脱管理宣言
管理、やめました。
管理というのはすなわち、何か或いは誰かに対して、「あるべき姿」を設定した上で、それを維持すべく、その何かの状態や誰かの意思に関わらず、手を加えたり目を光らせたりすることであって、言ってしまえば管理はハラスメントの始まりである。
ところがどっこい、現代社会における労働の大半は管理であり、管理無くして労働なし、管理こそが労働である、という信憑はあまねく共有されており、人材やら顧客やら品質やら勤怠やら在庫やら体調やら金銭やら、まあ管理のオンパレードで、「管理こそが仕事である」という考えのことを私は「カンリズム(管理主義)」と呼び、彼らはすなわち「カンリスト」である。
で私はと言えばその「カンリズム」と「カンリスト」にほとほと疲れてしまったのである。
ほとほと、と書いたのは生まれて初めてかもしれない。内モンゴル自治区の省都であるフフホトの砂漠が頭に浮かんだ。羊肉が食べたい。
管理という概念自体が暴力性を孕んでいるので、管理がハラスメントにつながるのはとても自然な流れと言える。何か(誰か)を思い通りにしたい、という管理欲求は人間の本能みたいに見なされているし、まさにその欲求によって人間はここまで進化を遂げてきたのかもしれないけど、逆に管理欲求が昂じすぎて、管理以外の仕事が疎かにされた結果、滅びる社会もあるのかもしれない。
管理管理管理管理、うるせえ。
管理とは真逆にあるはずの福祉も教育も看護も管理に毒されて、そこにいるヒトモノコトすべてが管理の網から逃れられない。
誠に憂慮すべき事態ではないか。
そんなわけで、私は一切の管理を放棄することをここに宣言する。
自らの内に芽生えたハラスメントの萌芽を、きちんと摘み取る。そもそも「あるべき姿」自体怪しいものじゃないか。

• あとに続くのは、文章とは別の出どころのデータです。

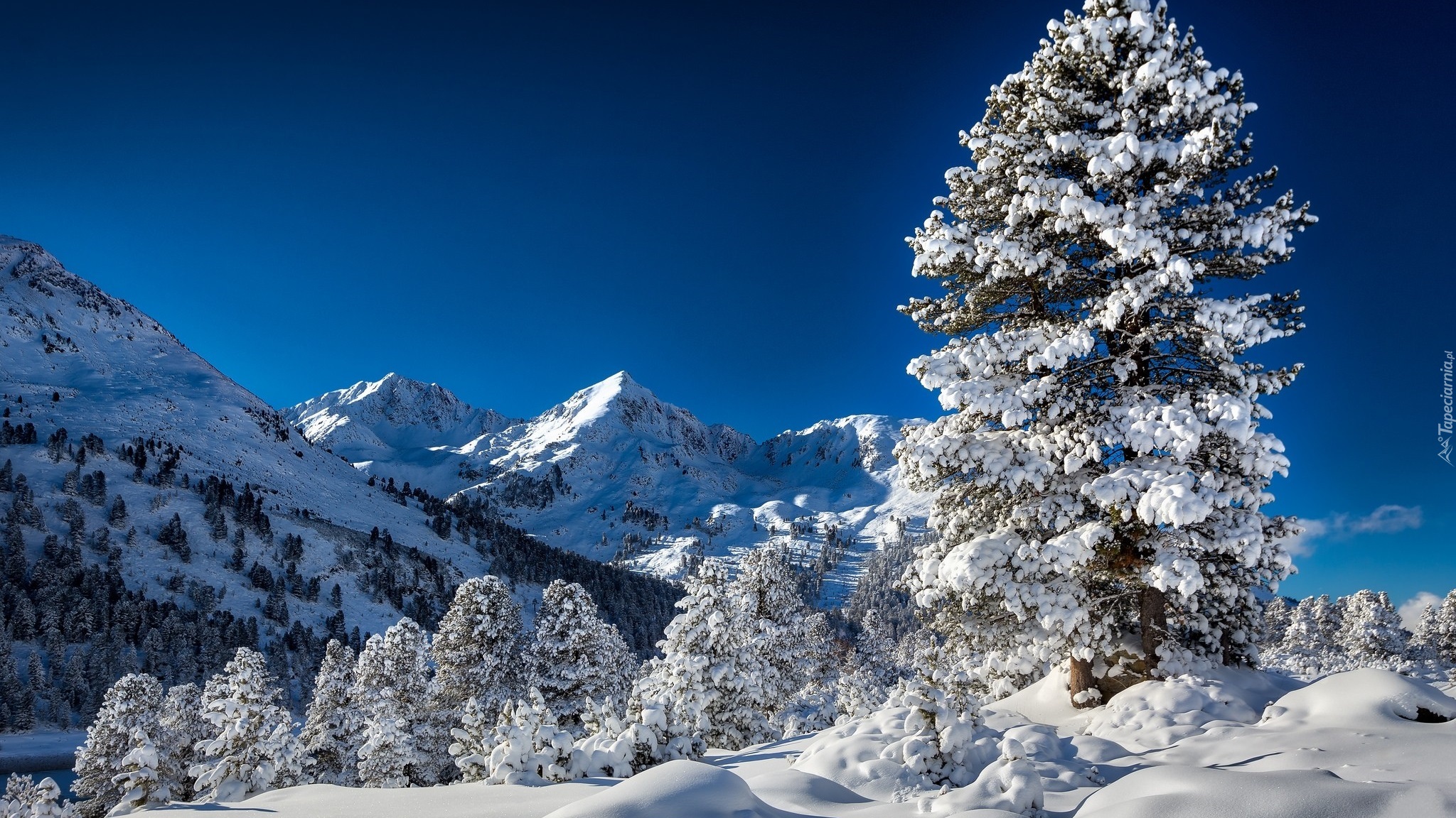Edytor tapety: Ośnieżone świerki w zimowych górach
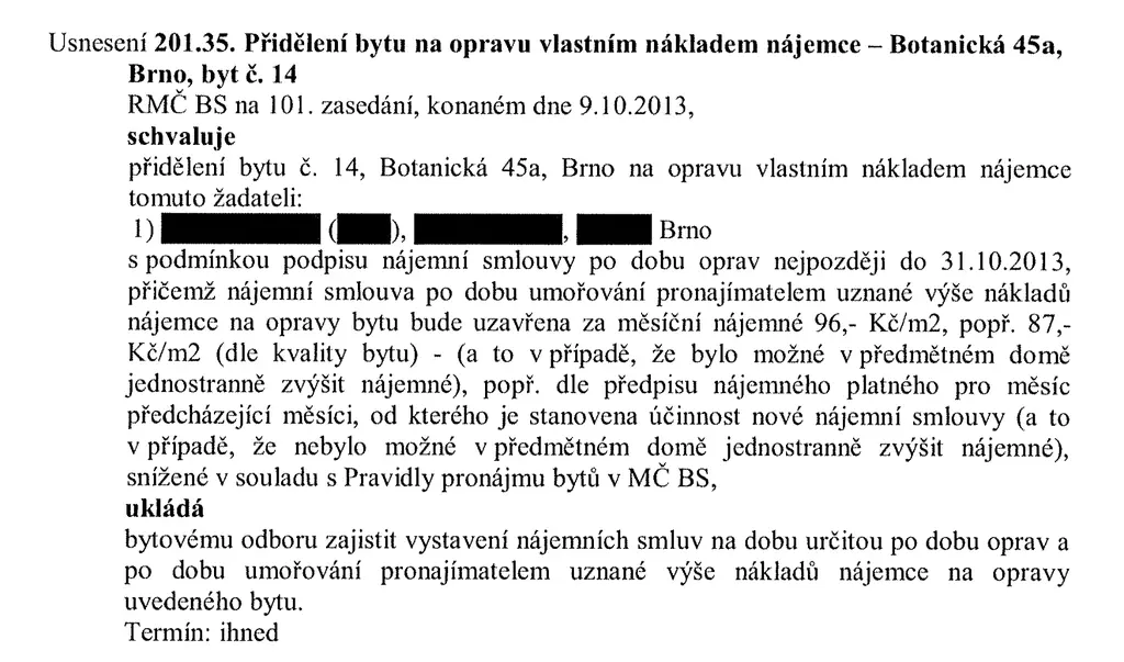 Získanými listinami ale policisté dokládají i to, že skupina měla přístup k interním listinám z radnice Brno-střed. Šlo například o neanonymizované zápisy z rady, které obsahují jména lidí, jimž politici přidělili byty.
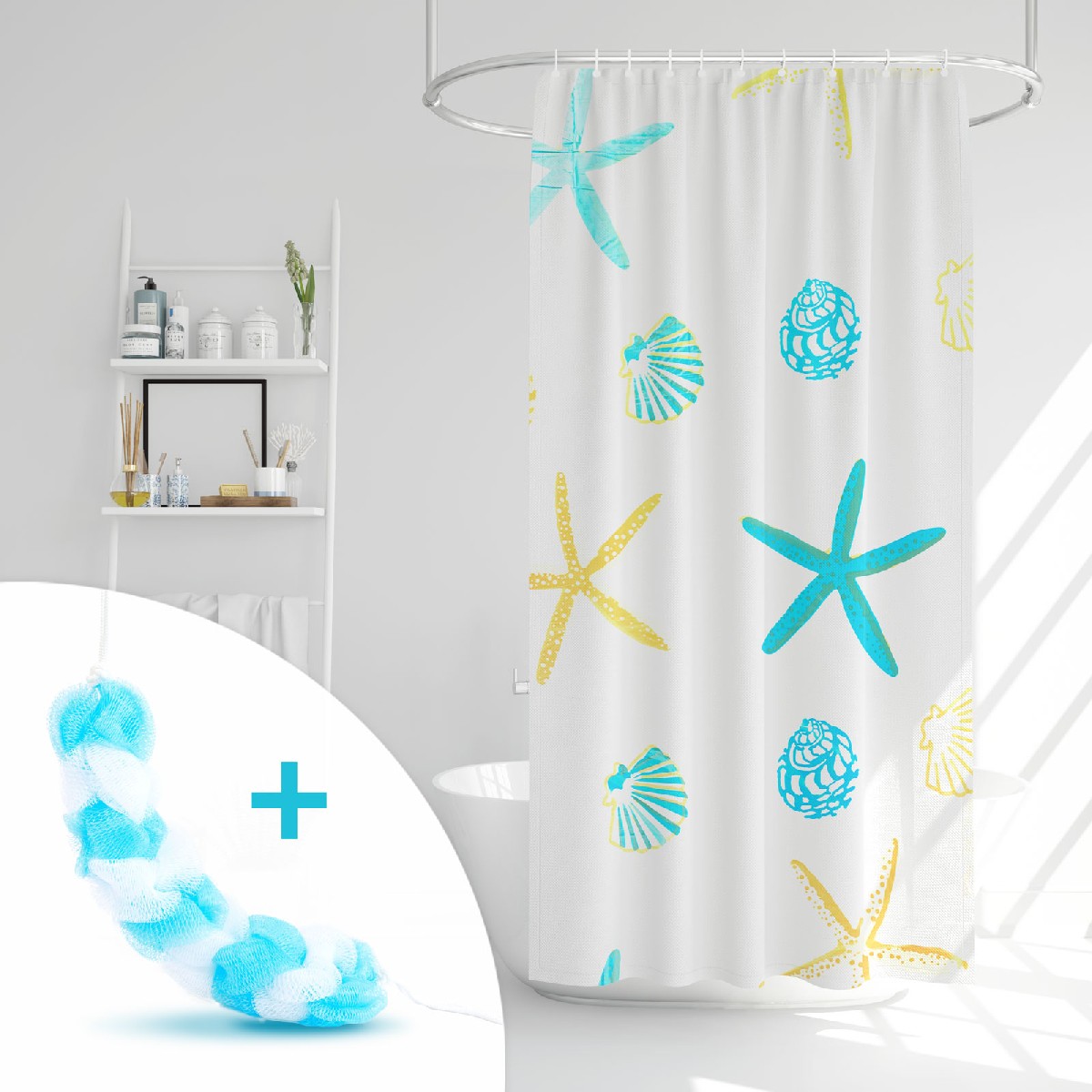 Set perdea de duș cu burete de baie – 180 x 180 cm Best CarHome

そういえば私の奏でる音を「出まかせ」と称賛してくれた音楽家がいた。これはとりもなおさず、私が自身の奏でた音に対する「管理不行き届き」の証左に他ならない。
神よ、天にまします父よ、
私たちに変えられないものを受け入れる心の平穏を与えて下さい。変えることのできるものを変える勇気を与えて下さい。そして、変えることのできるものとできないものを見分ける賢さを与えて下さい。われらの主、イエス・キリスト。アーメン。
超越的な「管理者」を設定するのも、私は拒否する。カンリストは、「管理すること」だけでなく、「管理されること」も求める。私はそのどちらも放棄したい。
管理を放棄した先にどんな楽園が、どんな地獄が待っているのかなんて知らない。我々は未来を管理できないし、そもそも管理なんて幻想で、管理できる対象なんてないのかもしれない。いや対象すらも怪しいもので、縁起でつながる非線形的世界に思いを馳せてばかりいる私には、管理の不可能性ばかりが目について困る。
管理しないでどうするのか。
勝手にするのである。
切った竹から染み出す液に、勝手に増えた粘菌のように。(タイトル画像)
私だけではない。誰もが勝手にするのである。
それで世界が壊れたら、それまでのこと。管理によって滅ぶより、全然マシじゃないか。